SYNTHESIS, PERFORMANCE, AND MECHANISM OF MAGNESIUM-IRON-ALUMINUM TRIMETAL COMPOSITE AS AN ADSORBENT FOR FLUORIDE REMOVAL IN WATER TREATMENT

In this study the Mg-Fe-Al trimetal composite was successfully synthesized by an easy co-precipitation method and used as the adsorbent for fluoride removal from aqueous solutions. Synthetic conditions such as Mg/Fe/Al molar ratio and calcination temperature were studied to optimize the adsorbent. The adsorbents were characterized by X-ray diffraction (XRD), scanning electron microscopy (SEM), energy-dispersive X-ray spectroscopy (EDS), and Fourier transform infrared (FTIR). Batch adsorption studies were conducted under various conditions, such as different fluoride concentration, contact time, temperature, initial solution pH, and coexisting anions. Results indicated that the adsorbent obtained the maximum adsorption capacity of 92.85 mg/g for fluoride with a Mg/Fe/Al molar ratio of 30:1:4, calcined at 500 degrees C, at near-neutral pH and room temperature (25 degrees C).
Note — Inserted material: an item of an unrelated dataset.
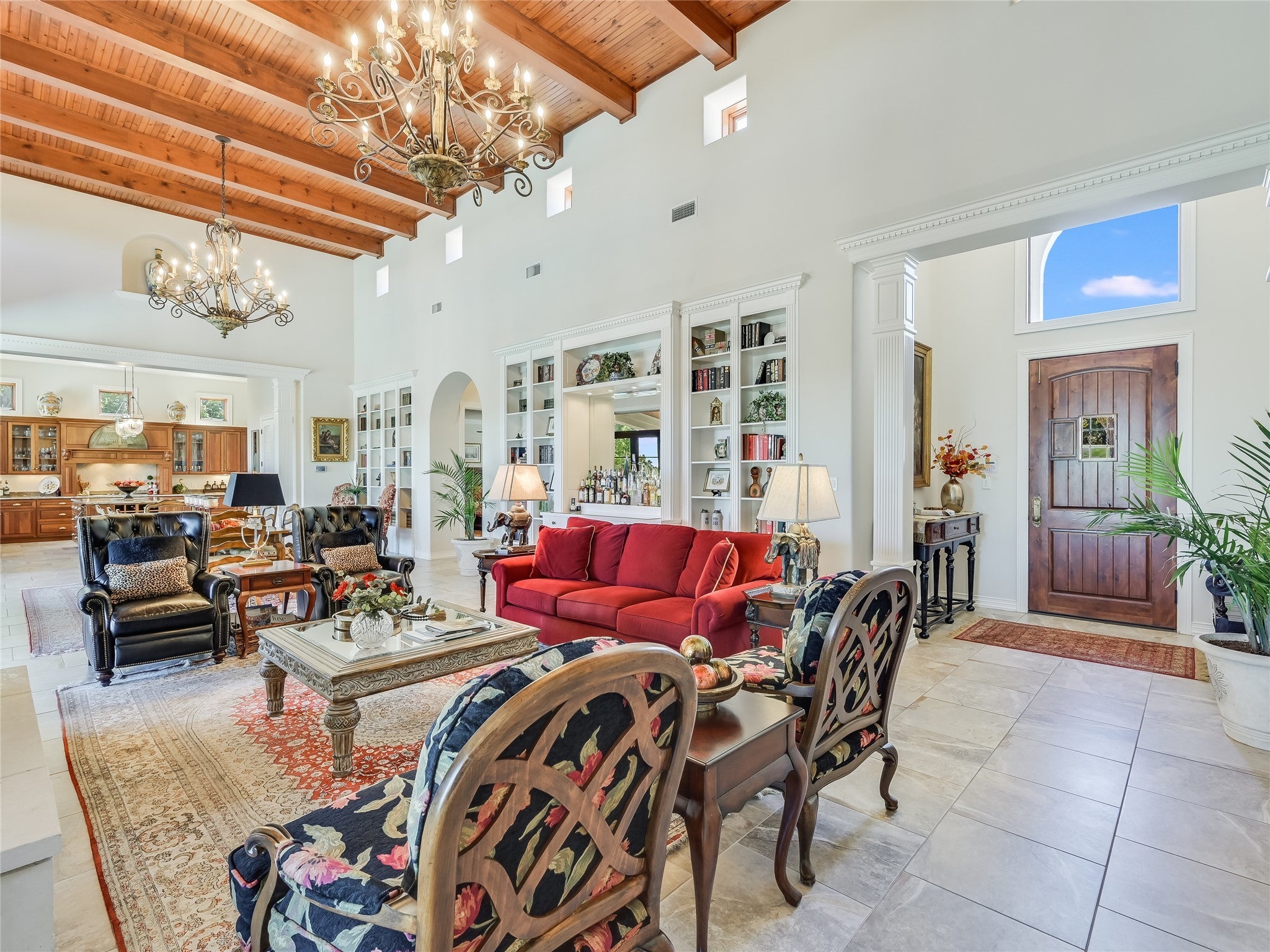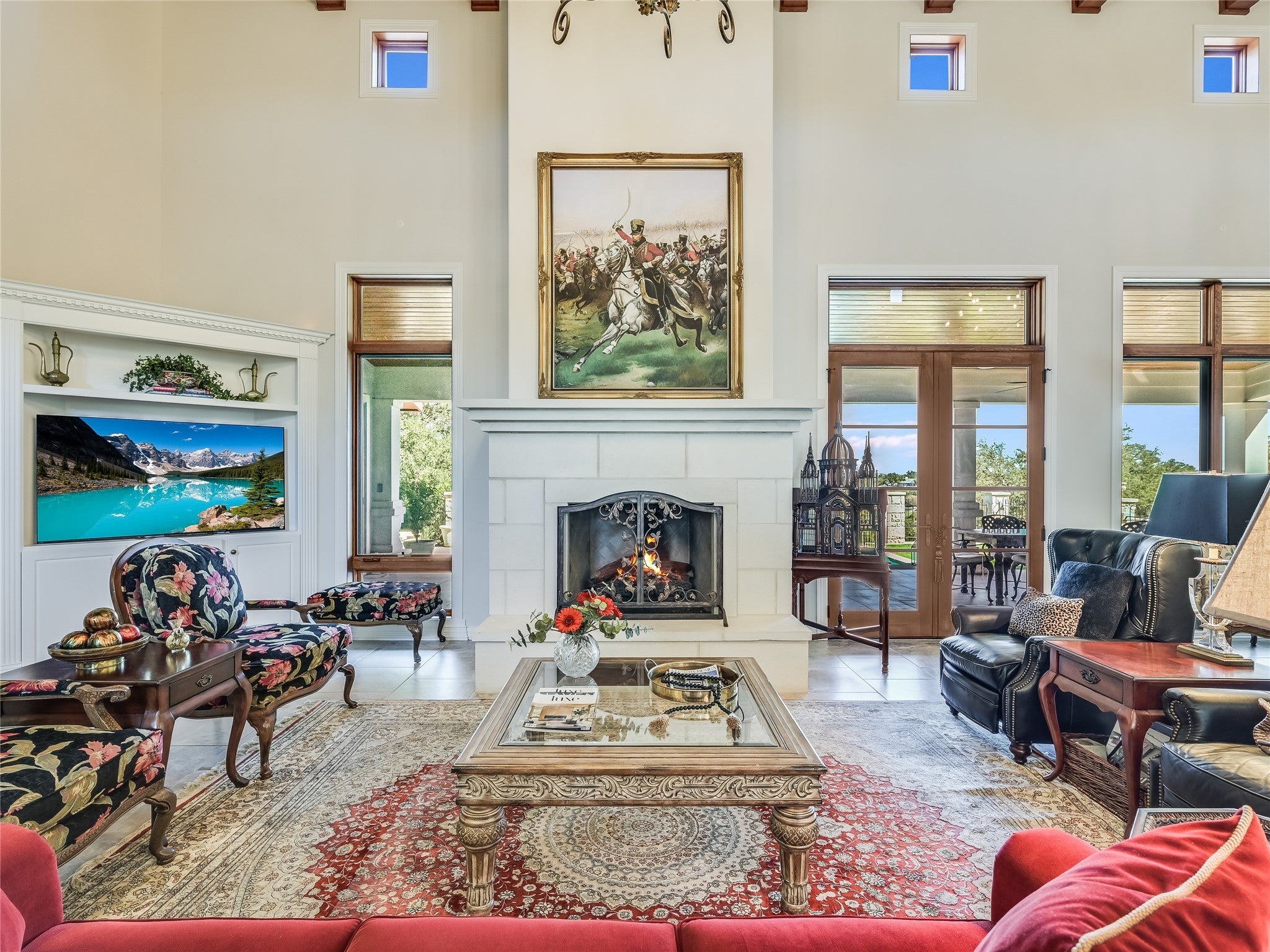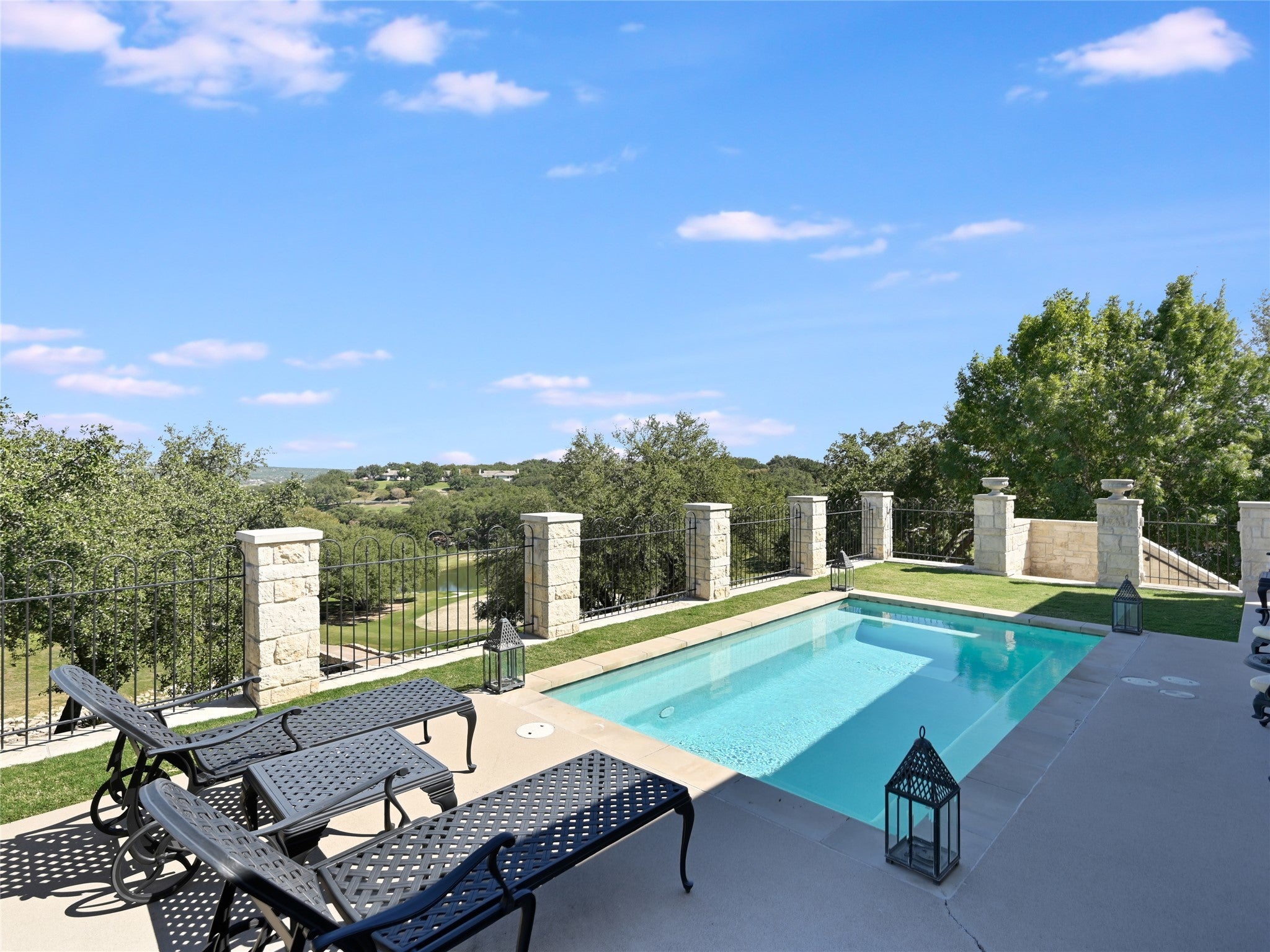 Discover luxury living in this opulent estate featuring a timeless stucco exterior with a rolled barrel clay tile roof. This inviting facade sets the stage for the grandeur inside. Rustic elegance is found in this Santa Barbara style single story, perched above the 11th signature hole viewing the stunning waterfall in the exclusive Barton Creek Lakeside. Spanning over 4129sf are 3 bedroom, 5 full bath, and 3 car garage with built-in storage on 2 sides, offering the perfect combination of fine living and functionality. The grand interiors immediately captivate. Upon entering, you are met with an expansive light filled great room, all open to the dining and kitchen area, boasting 18' high wood beams/wood ceiling, 2 stunning chandeliers, ceramic tile floors, laid in offset European fashion, and all overlooking the backyard living space, complete with a spacious covered 14'x44' patio with another fireplace, perfect for entertaining, and large gatherings. Relax in the pool or enjoy playing on the bocci court below. Perfectly appointed private owner's suite that offers 14' shuttered windows, gorgeous chandelier and a luxurious 14' in-suite complete bath with Jacuzzi tub, shower with a convenient connecting utility room. Massive library with 12' high ceilings, stone fireplace and lined with custom bookshelves, all taking in the views out back. The View! Serene setting looking out over the community below and hills beyond. This property was crafted for effortless living and exceptional entertaining. Located in the private country club community of Barton Creek Lakeside with an 18-hole Arnold Palmer designed golf course, Olympic size pool, fitness center, tennis/pickle ball courts and private club with dining. Golf and Social Membership are available. 24 hour guarded/gated main entry, Lake Travis access via private community boat launch with available boat slips for leased. 7 man-made lakes throughout the area with vast topography changes, make for this amazing setting.

The adsorption data were fitted well with the Langmuir isotherm model and the pseudo-first order kinetic model. The adsorption mechanism involved electrostatic interaction on the surface, ion exchange interaction, and reconstruction of original layered structure by rehydration of mixed metal oxides. All results indicated that the Mg-Fe-Al trimetal composite can be a very promising material, has potential application in the removal of fluoride in water treatment, and has positive effects on human health.